Seit 1. April 26 ist in unserer Seelsorge Einheit die Stelle des Referenten für Engagemententwicklung besetzt. In allen drei Kirchen stellte sich an Ostern Dr. Aleksei Volchkov vor.
Als Kirche leben wir im Sozialraum und vieles geschieht aus dem freiwilligen Engagement. Vernetzungen zu forcieren, einzelne in ihrem Engagement zu fördern, auch außerhalb der Kirche wahrgenommen zu werden und damit zielgerichtete Medienarbeit, Unterstützung von Initiativen und vieles mehr gehören zum Arbeitsfeld. Margarete Zeiler, die Gewählte Vorsitzende, erwähnte dies in ihrer Begrüßung und wünschte ihm gute Begegnungen und Gelingen.

Danach stellte sich Dr.Aleksei Volchkov vor:
Liebe Gemeinde,
mein Name ist Aleksei Volchkov, und ab jetzt werde ich unter Ihnen in der Seelsorgeeinheit Reutlingen Nord als Referent für Engagemententwicklung arbeiten. Meine Aufgabe ist es, ehrenamtliches Engagement in unserer Gemeinde zu stärken und weiterzuentwickeln: Menschen dabei zu helfen, ihre Talente zu entdecken und ihren Platz im kirchlichen Leben zu finden, neue Formen der Mitarbeit zu eröffnen und die Kirche stärker mit unserem sozialen Umfeld zu vernetzen – mit Vereinen, Schulen, anderen christlichen Konfessionen und der kommunalen Gemeinschaft. Außerdem möchte ich den pfarrlichen Medien neues Leben einhauchen und dazu beitragen, dass die drei Kirchen unserer Seelsorgeeinheit für die Menschen vor Ort sichtbarer werden.
Seit 2021 lebe ich in Tübingen. Meine Heimatstadt ist jedoch Sankt Petersburg in Russland. In Deutschland habe ich drei Jahre an der Universität gearbeitet und mich mit interkulturellen Projekten beschäftigt. Als Koordinator des Projekts „Forum Kulturdialog“ habe ich Begegnungsräume für Menschen mit russischsprachigem und ukrainischem Hintergrund aufgebaut. Im Jahr 2024 wurde das Projekt mit dem Tübinger Integrationspreis ausgezeichnet. Außerdem war ich bei der Caritas tätig und in der Flüchtlingsseelsorge engagiert.
Von Ausbildung her bin ich Historiker und Theologe (Dr. theol.). Besonders interessieren mich das Neue Testament, die Geschichte des frühen Christentums, interkulturelle Kommunikation sowie soziale Arbeit im kirchlichen Kontext.

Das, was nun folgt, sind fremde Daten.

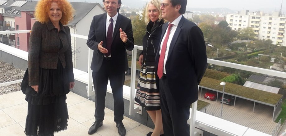 Foto: Die Musterwohnung inklusive Dachterrasse besichtigten Cornelia Augustin, Uwe Birk, Heike Kaster-Meurer und der Spaarkassen-Vorstandsvorsitzende Peter Scholten.
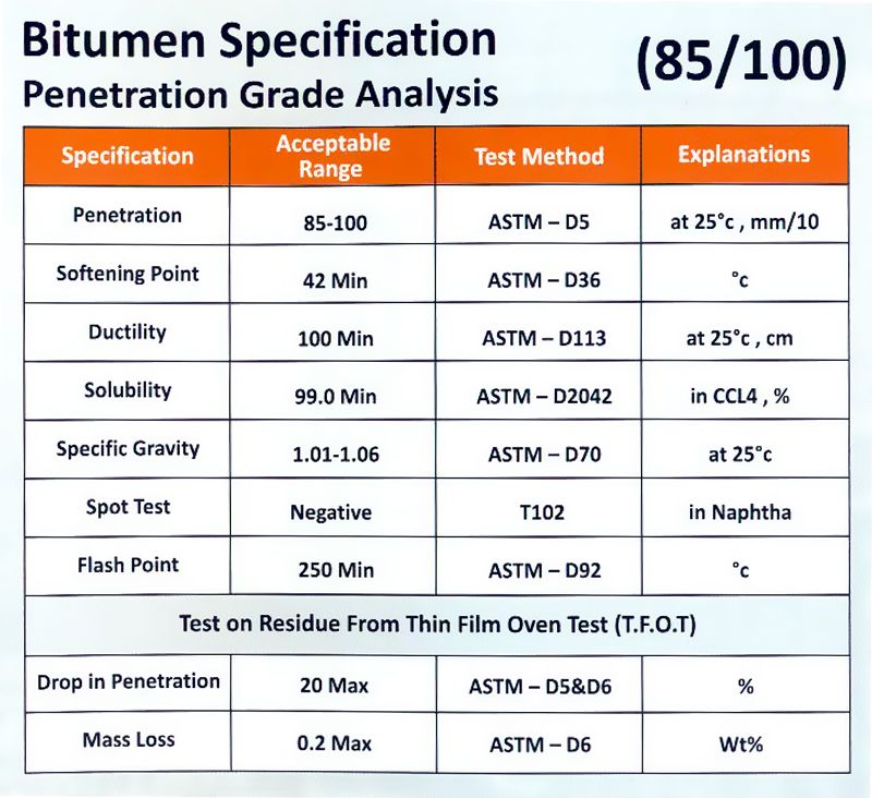 Penetration grade Bitumen is classified based on the penetration value as per ASTM D5-18 standards, ranging from very hard to very soft. The grades range from 10 to 500 penetration. Bitumen with a higher penetration grade is softer and more workable, making it suitable for use in warmer climates, while Bitumen with a lower penetration grade is harder and less workable, making it suitable for use in colder climates.
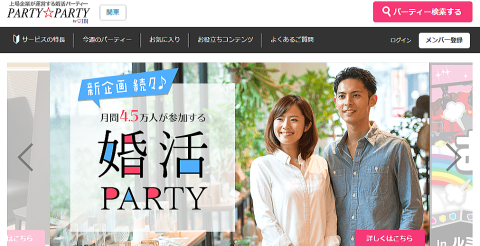 上場企業IBJが運営するお見合いパーティーの老舗【PARTY☆PARTY】は、月間動員数20,000名以上、月間カップリング数 3,000組以上の実績があります。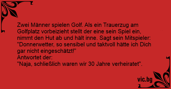 Zwei Golfspieler sind am 12. Grün, als ein Leichenzug vorbeikommt. Der eine hält im Spiel inne und verneigt sich kurz zu dem Leichenwagen hin. "Das war aber eine sehr noble Geste von Ihnen. ", sagt...
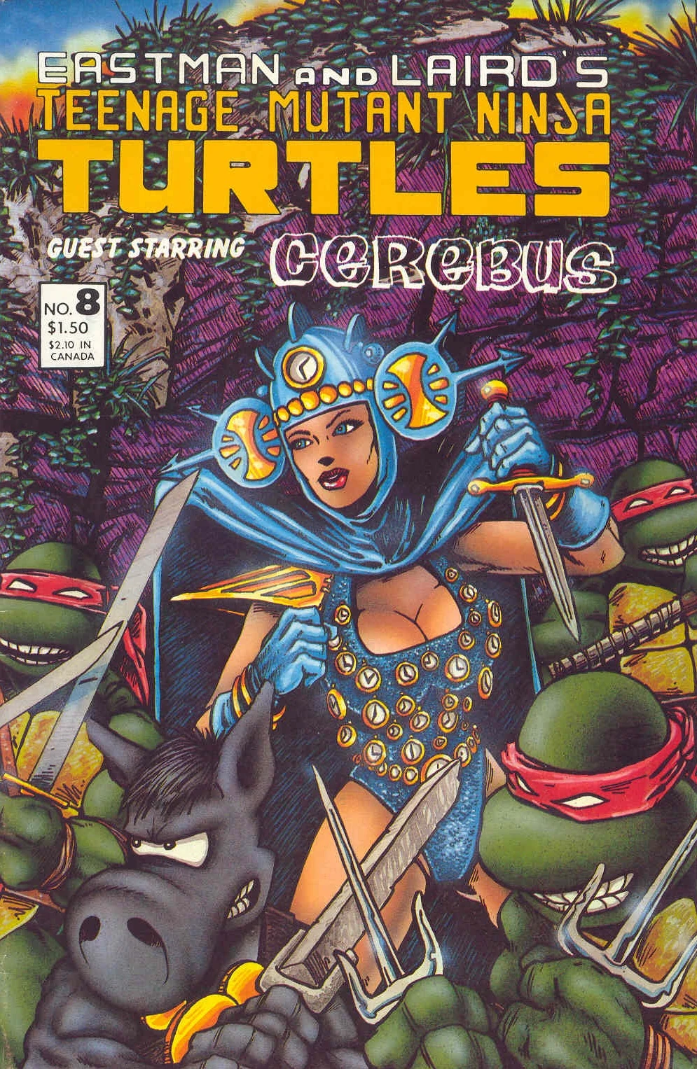 Eastman and Laird's Teenage Mutant Ninja Turtles volume 1 issue #8, later retroactively titled Team Up with Cerebus, was published in July 1986 by Mirage Studios.

Ich bin orthodoxer Christ – und sehe darin keine Einschränkung, sondern vielmehr eine zusätzliche Chance für meine Arbeit. Denn ich gehöre selbst zu der Gruppe von Menschen, die ich ansprechen möchte: Menschen, die nicht katholisch sind, die katholische Kirche aber gut kennen, sie schätzen und sich ihr in vieler Hinsicht verbunden fühlen – kulturell, sozial und menschlich. Aus eigener Erfahrung weiß ich, wie es ist, sich einer Gemeinschaft zugehörig zu fühlen, ohne ihr ganz anzugehören. Manchmal kann gerade diese Perspektive von außen neue Türen öffnen.
Mich tragen und inspirieren mein Glaube an Jesus Christus, meine Familie (ich habe eine Ehefrau und drei Kinder) sowie die Geschichte des frühen Christentums – meines liebsten Abschnitts der Kirchengeschichte.
Ich freue mich sehr darauf, Sie kennenzulernen, liebe Mitchristen, und gemeinsam mit Ihnen das ehrenamtliche Engagement und die Beteiligung am Leben unserer Gemeinden weiterzuentwickeln.